Sowcarpet is a neighborhood in the northern part of Chennai, India. Sowcarpet is one of the oldest neighborhoods of the city with narrow streets and vintage buildings. It is a bustling commercial area of the city, and a range of wholesale markets are located here. The locality is known as the North Indian hub of Chennai owing to the presence of the North Indian community here. Sowcarpet is home to the largest Marwadi community in South India.

==Etymology==
The neighbourhood derives its name from the term "sowcar" which comes from the Hindi word sahukaar, originally meaning merchant or native banker. The term now refers to a money-lender.

==History==
Sowcarpet is a multi-layered historical landscape shaped by successive waves of domestic and international migration.

=== Early Settlers ===
The earliest Western Indian immigrants to settle in the vicinity of Mint Street were the Saurashtrians. Fleeing political instability, they established themselves in southern Tamil Nadu, and by the 17th century, relocated to Madras to engage in the textile trade of the British East India Company.

=== The North Indian Mercantile Wave ===
Direct migration from Gujarat escalated in the 18th century, dominated by diamond and silk merchants. In his book Madras Rediscovered, Chennai city chronicler S. Muthiah writes that they were followed in the late 18th and 19th centuries by Marwaris and Jains originating from the Shekhawati region of Rajasthan. Entering the economy initially as pawn-brokers and money-lenders, these communities systematically purchased real estate from the departing Tamil-speaking population and established communal dharamsalas and sthanaks.

==Description==
Sowcarpet serves as a unique architectural and cultural contact zone, hosting ancient Tamil temples alongside North Indian Jain mandirs.

Most streets in Sowcarpet are rather narrow, with a few exceptions like Mint Street and nearby area. The buildings in the streets are so close to each other that they look like they share a common wall.

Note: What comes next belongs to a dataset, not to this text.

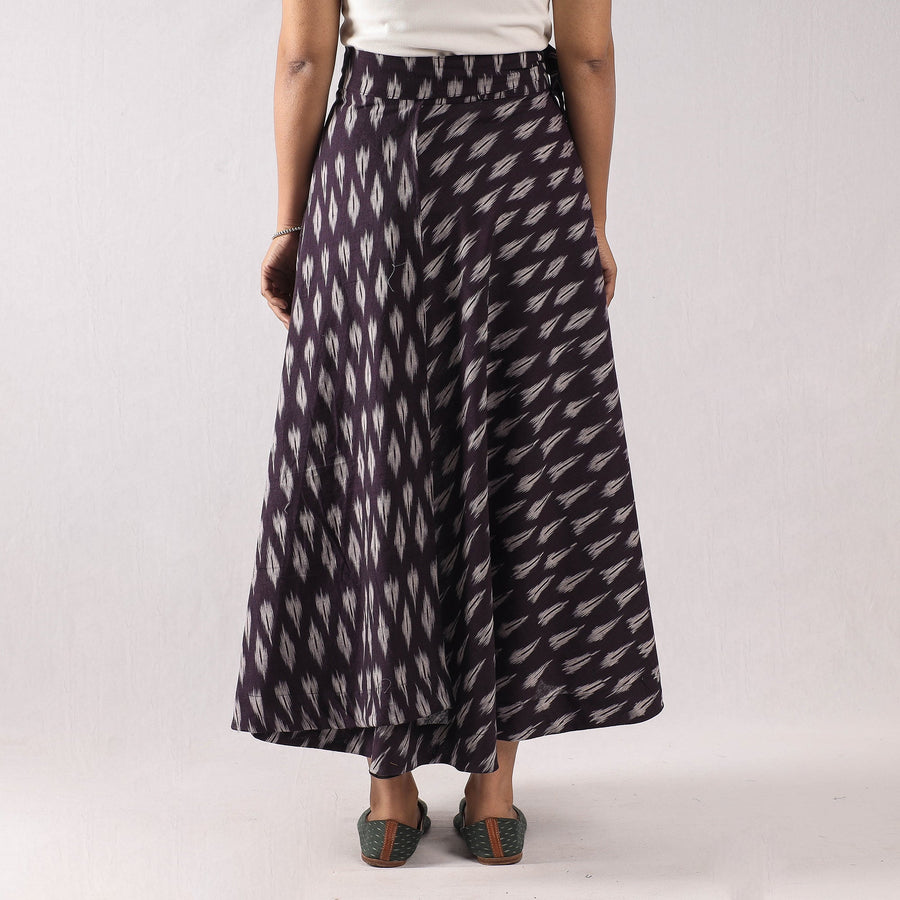 Fine quality purple pochampally ikat weave pure cotton wrap around skirt featuring a waist tie up closure. Ikat (Ikkat) is a dyeing technique used to pattern textiles that employs a resist dyeing process similar to tie-dye on either the warp or weft fibers prior to dyeing. Ikat has lovely patterns and are world famous for their extremely beautiful colors, texture and designs. Indian Ikat is always admired by the fashion designers around the world.

=== Religious Landmarks ===
- Sri Ekambareswarar Temple : Constructed in the 1680s by Alanganatha Pillai, an East India Company dubash, it represents the element of Prithvi (Earth) among Chennai's Pancha Bhuta Sthalams.
- Kandaswami Temple : Dedicated to Murugan and constructed in the early 1800s, it was immortalized by the saint Ramalinga Adigalar (Vallalar) in his Tiru Arutpa.
- Chandraprabha Swami Temple (Naya Mandir) : A modern Jain temple built entirely of white marble modeled directly on the Dilwara Temples of Mount Abu, Rajasthan.
- Shri Chandraprabhu Bhagwan Jain Swetamber Temple (Juna Mandir) : Dating back to the late 18th or early 19th century, this temple is built vertically to fit the narrow street grid.

=== Economy ===
Sowcarpet is the nerve center of Chennai's informal and wholesale economy, acting as the primary bulk distribution point for various consumer goods across Southern India. The turnover of the neighbourhood is estimated between ₹100,000 million and ₹150,000 million a year.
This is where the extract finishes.